К тому времени пошли седьмые сутки моего содержания под стражей. Мне все уже осточертело. За неделю дважды водили на прогулку. Одного. Запросы сделаны, личность идентифицирована, осталось решить — то ли пинком под задницу, то ли еще попрессовать на нарах для профилактики.

— Как тебе условия содержания?

— А почему одиночка?

— Чтобы не общался ни с кем. Ты же шпион.

— Я?

— Ну не я же.

— Чем докажете?

— А я доказывать не буду. Я тебя расстреляю.

— За что?

— За подозрение в шпионаже. Может, ты и честный дурак, но у нас время дорогое крадешь. Так что заслужил. Верующий?

— Вопрос веры слишком личный.

— Ты его для себя реши. И пойдем со мной.

— Куда?

— Там увидишь.

Мы вернулись в мою камеру. Капитан присел на нары рядом, вынул пачку сигарет, предложил мне.

— Не курю.

— Тем лучше.

Расстегнув папку, он достал плоскую фляжку, отвинтил крышку, дал мне хлебнуть. Коньяк оказался хорошим, и меня пробрало сразу.

— Еще желания есть?

— Нет.

— Ну, тогда будь мужественным. — Он расстегнул кобуру и вынул свой «Макаров».

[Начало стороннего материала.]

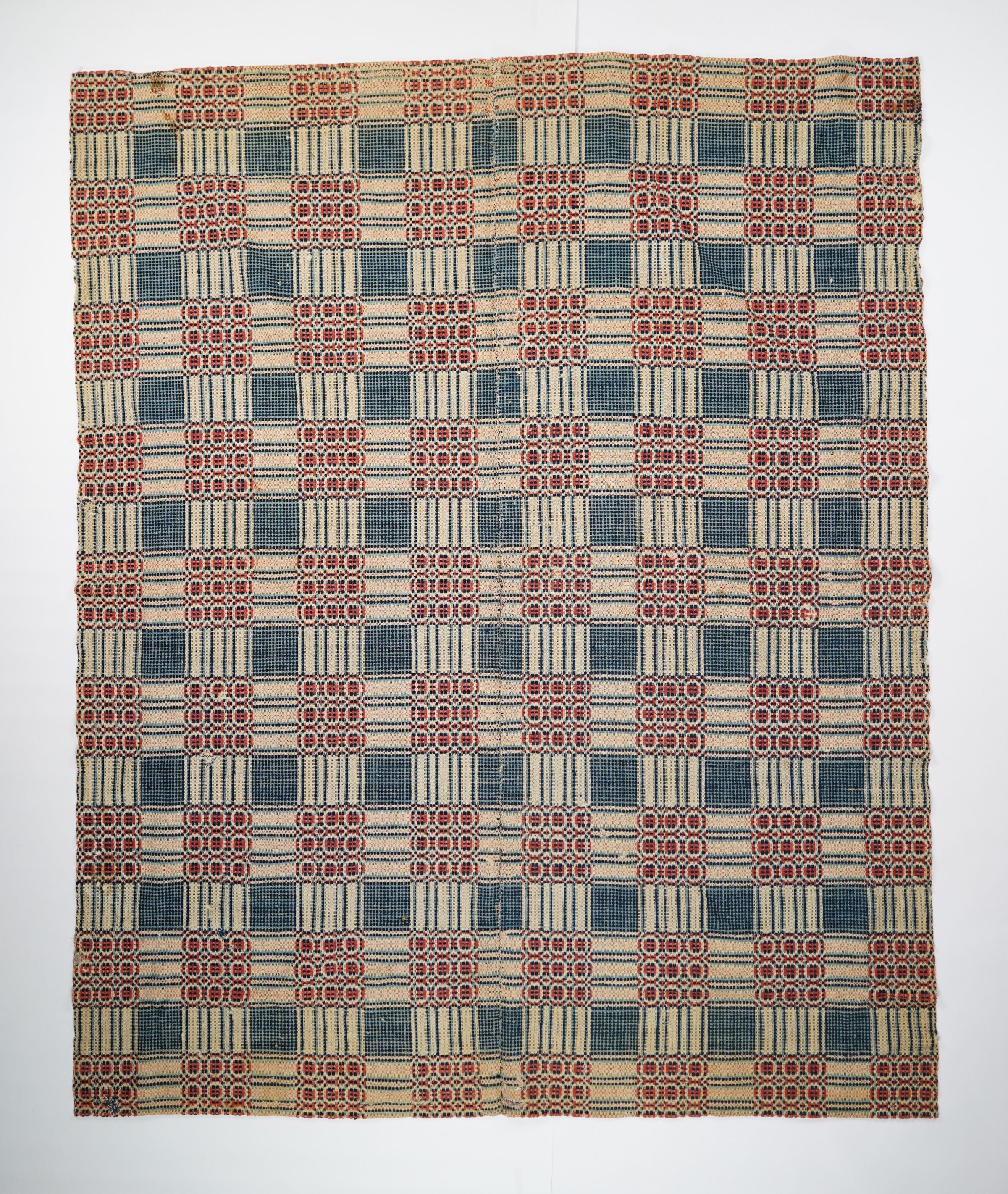 Red, blue, navy, and natural geometric overshot coverlet. Two joined panels.
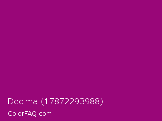 Decimal 17872293988 Color is a normal magenta color and the nearest color is Flirt #a2006d. Hex code #990678 and RGB value is rgb(153,6,120). In RGB color space, this color is composed of 60% red, 2% green, 47% blue, In CMYK color space, this color is composed of 0% cyan, 96% magenta, 22% yellow , 40% black , In HSL color space, this color has a hue angle of 313° , 92% saturation and 31% lightness.
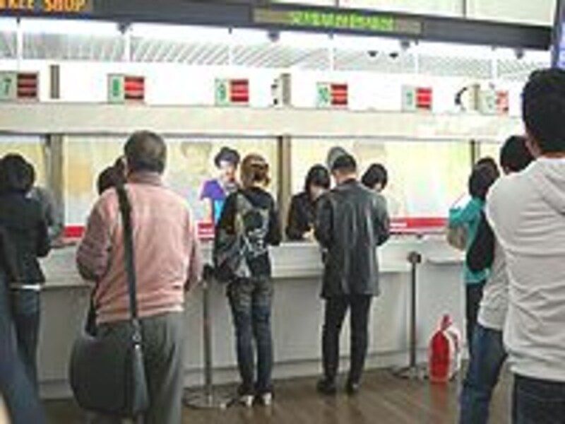 | 購入した免税品は空港の窓口で受け取ります。市内の免税店をご利用になる方は、商品購入時にもらう交換チケットを失くさないように |
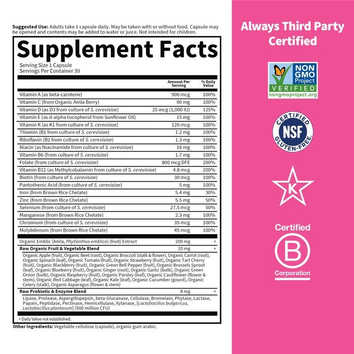 Ingredients: Vitamin A (as beta-carotene), Vitamin C (from amla berries), Vitamin D (as D3 from the culture of S. cerevisiae), Vitamin E (as d-alpha-tocopherol from sunflower oil), Vitamin K (as K1 from the culture of S. cerevisiae), Thiamine (B1 from the culture of S. cerevisiae), Riboflavin (B2 from the culture of S. cerevisiae), Niacin (as niacinamide from the culture of S. cerevisiae), Vitamin B6 (from the culture of S. cerevisiae), Folate (from the culture of S. cerevisiae) DFE, Vitamin B12 (from the culture of S. cerevisiae), Biotin (from the culture of S. cerevisiae), Pantothenic acid (from the culture of S. cerevisiae), Iron (from Brown Rice Chelate), Zinc (from Brown Rice Chelate), Selenium (from the culture of S. cerevisiae), Manganese (from Brown Rice Chelate), Chromium (from the culture of S. cerevisiae), Molybdenum (from brown rice chelate), Emblik (Amla, Phyllanthus emblica) (fruit) extract, Raw Fruit and Vegetable Mix (Apple, Beet (root), Amaranth (sprout), Broccoli (stalk & flower), Carrot (root), Spinach (leaf), Tomato (fruit), Strawberry (fruit), Tart Cherry (fruit), Blackberry (fruit), Green Bell Pepper (fruit), Brussels Sprout (leaf), Blueberry (fruit), Ginger (root), Garlic (bulb), Green Onion (bulb), Raspberry (fruit), Parsley (leaf), Cauliflower (flower & stem), Red Cabbage (leaf), Kale (leaf), Cucumber (gourd), Celery (stalk), Asparagus (flower & stem)), Raw Microbiome and Enzyme mix (Lipase, Protease, Aspergillopepsin, beta-Glucanase, Cellulase, Bromelain, Phytase, Lactase, Papain, Peptidase, Pectinase, Hemicellulase, Xylanase, [Lactobacillus bulgaricus, Lactobacillus plantarum])
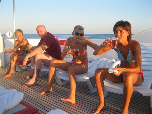 Già, perché la crociera sull’Aldebaran non si limita alle bellezze sottomarine. La magia del sole all’alba che, nascendo all’orizzonte, accompagna la nostra prima colazione nel solarium all’attico. Le onde che si infrangono sul reef e colori che dal blu profondo passano alla trasparenza invogliando un giro di snorkeling o un tuffo dall’alto della barca. Le giornate scandite dal ritmo del sole scivolano via, il tramonto ci offre un ulteriore spettacolo con una luna rossa trionfante nel cielo, mai vista prima. L’equipaggio a prua festeggia la fine del digiuno del Ramadan con frullati di datteri e melone, mentre noi auguriamo il più sincero buon appetito.
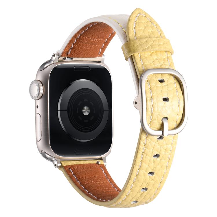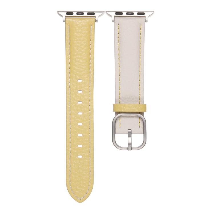 Correa de cuero genuino con textura de lichi y hebilla cuadrada para Apple Watch de 46 mm, 49 mm, 45 mm y 44 mm (blanco y amarillo)
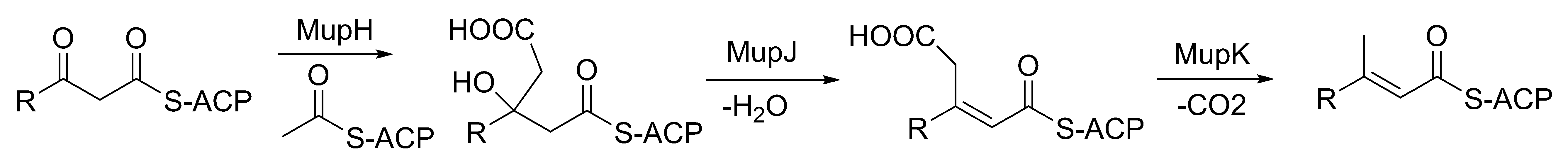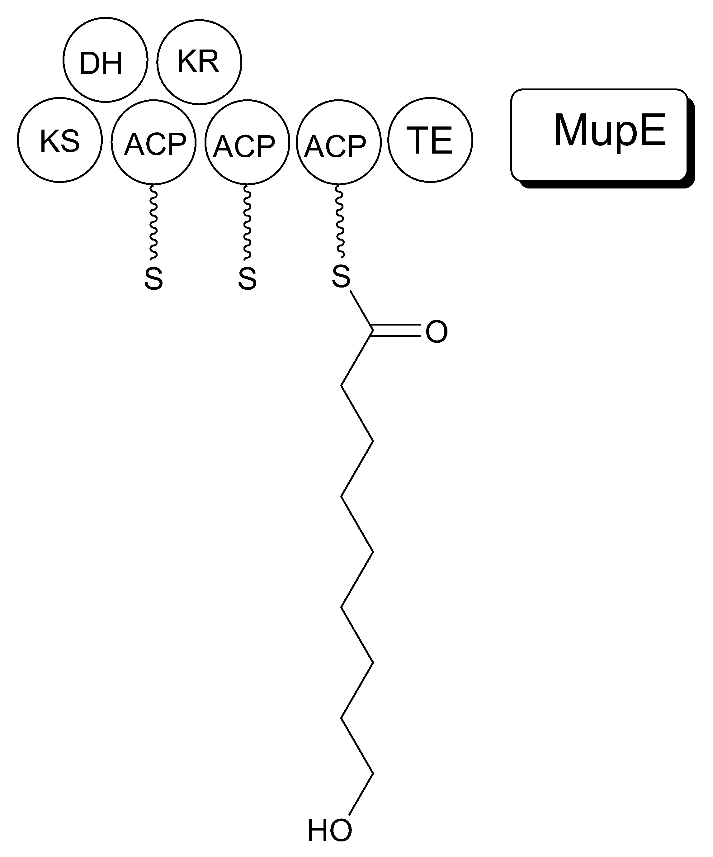- '''9-히드록시노난산(9-Hydroxynonanoic acid) 생합성''': 9-HN은 MmpB에 의해 합성되며, MupE가 반응을 완료하는데 필요하다.
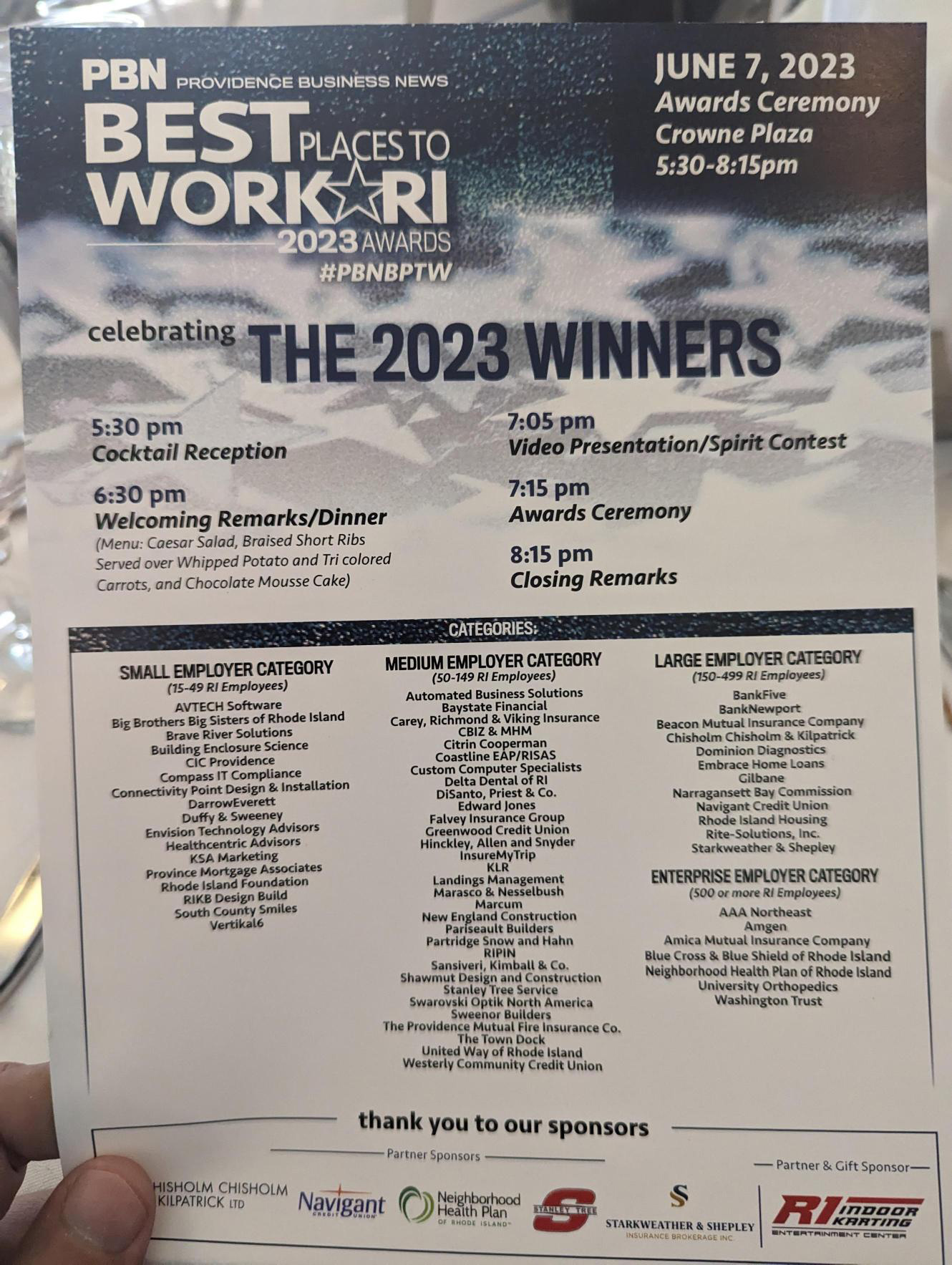 Envision's team was invited to the ceremony after learning of the win back in May. We were 10 of the 650 people that attended the sold-out event. According to PBN, honorees were carefully considered based on HR policy and employee satisfaction surveys.
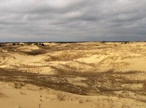 ОЛЕШКІВСЬКА ПУСТЕЛЯ . Одна з найбільших пустель Європи знаходиться саме в Україні. Олешківські піски складаються із безмежних барханів (тутешні мешканці називають їх «кучугурами») висотою близько 5 м з негустою рослинністю. Знаходяться ці піски у Цюрупінському районі (стара назва Цюрупінська – Олешки), за 30 км на схід від м. Херсон. Дніпровські піски існували здавна, але Олешківська пустеля у нинішньому своєму вигляді з’явилася порівняно нещодавно: через випасання величезних отар овець у ХІХ ст., які знищили траву, звільнилися піски, а вітрова ерозія дала їм можливість розширюватися.
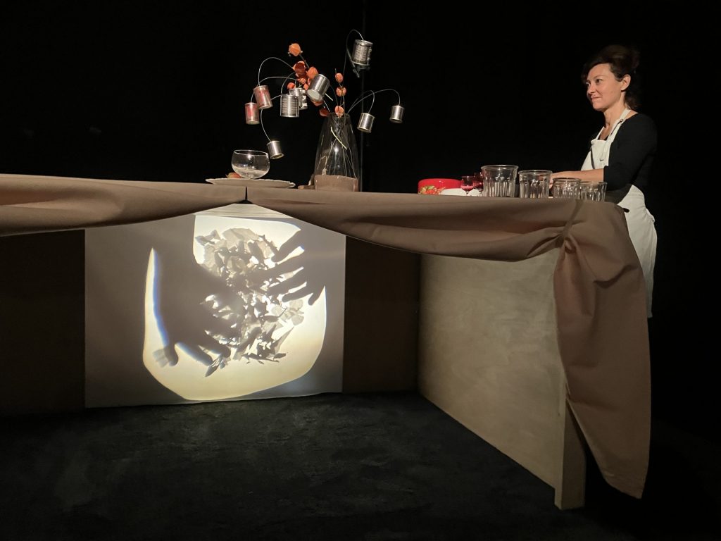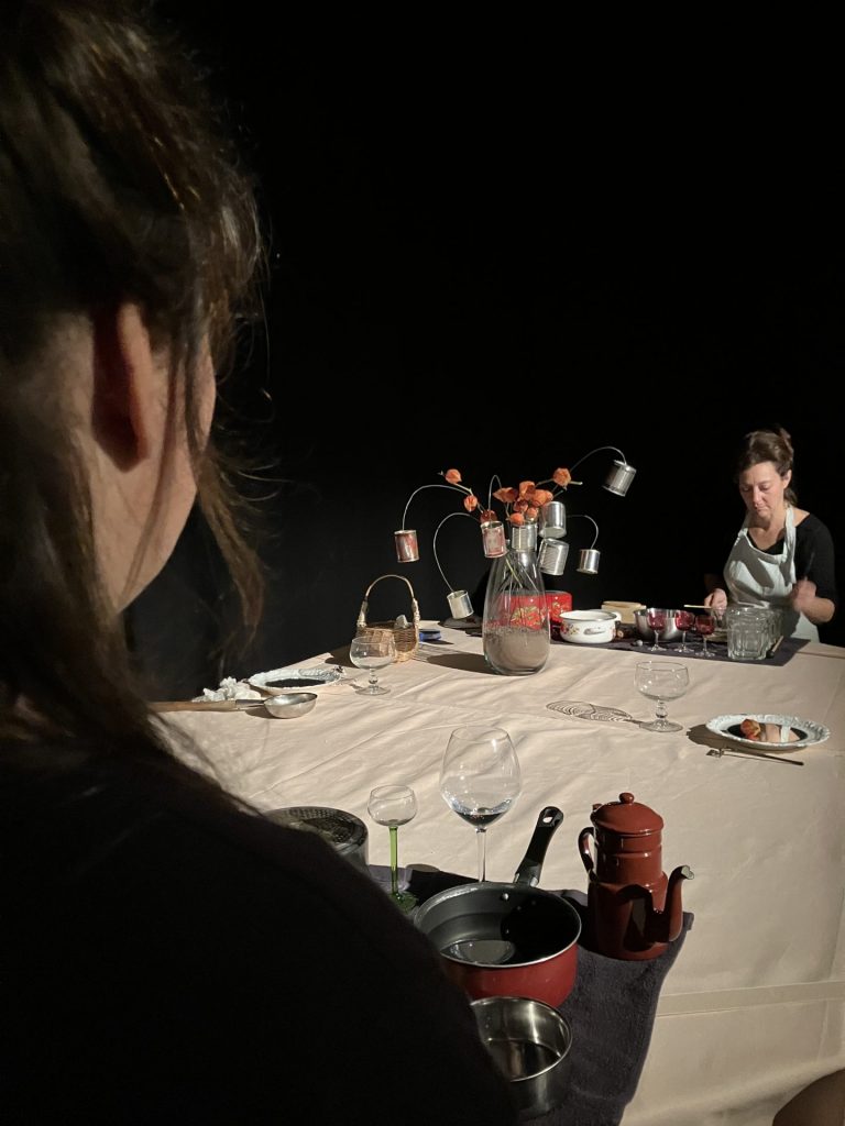 Dans un cheminement poétique et décalé nous traversons la clairière, longeons le ruisseau jusqu’au potager. Bêcher, piocher, ramasser pour amener la récolte en cuisine. Touiller, couper, mijoter, les ustensiles sonnent dans une histoire sans paroles.

— Что, в камере? — принял я условия игры, но отчего-то не очень уверенно.

— Везти тебя куда-то, конвой беспокоить. Ты не думай. У нас это в порядке вещей. Война. Потом приберутся. Кровь замоют.

— А я?

— А ты как бы попал под случайную пулю. Боевика.

Потом капитан встал, отошел к двери, прицелился.

Я смотрел в черный дульный срез.

— Боишься?

— Нет. — Я знал, что он не выстрелит. Он просто спрятал пистолет и отметелил меня сапогами, сбросив с нар. Потом оформил документы, и уже ефрейтор вывел меня на улицу.

— Можно было бы тебе статью триста семь, часть первая.

— Это что?

— Подделка документов. Да мест на нарах маловато. Убийц везут каждый час. А тут ты, дурачина.

— Можно вопрос?

— Только быстро.

— Форма девять и форма семь.

— Справка вместо паспорта. Семь — беженец. Будешь изготавливать?

— Нет. Вы же мне общаться не дали с людьми.

— Чтобы ты потом про ужасы Чернокозово сочинял? Запомни: твой самый большой ужас — это я. Еще раз попадешься, отдам педерастам, а потом сожгу живого в овраге. И друзьям своим — журналистам — передай. Пусть займутся общественно-полезным трудом. Терпение армии не безгранично.

— Я передам.

Он ушел, и появился прапорщик.

— Сроку вам, товарищ Перов, тридцать минут. Как раз поезд уходит. Товарищ капитан просил не опаздывать.

— А деньги?

— У вас билет транзитный до Питера. Вот он. А про деньги ничего не сказано.

— А вещи?

— Какие? — прапорщик посмотрел на меня ясными глазами.

— Вокзал в какой стороне?

— А вот туда. Доставим.

В поезде я был через двадцать одну минуту. Часы, паспорт и пятьдесят рублей мне капитан перед расставанием сунул в одном флаконе. То есть в желтом конверте.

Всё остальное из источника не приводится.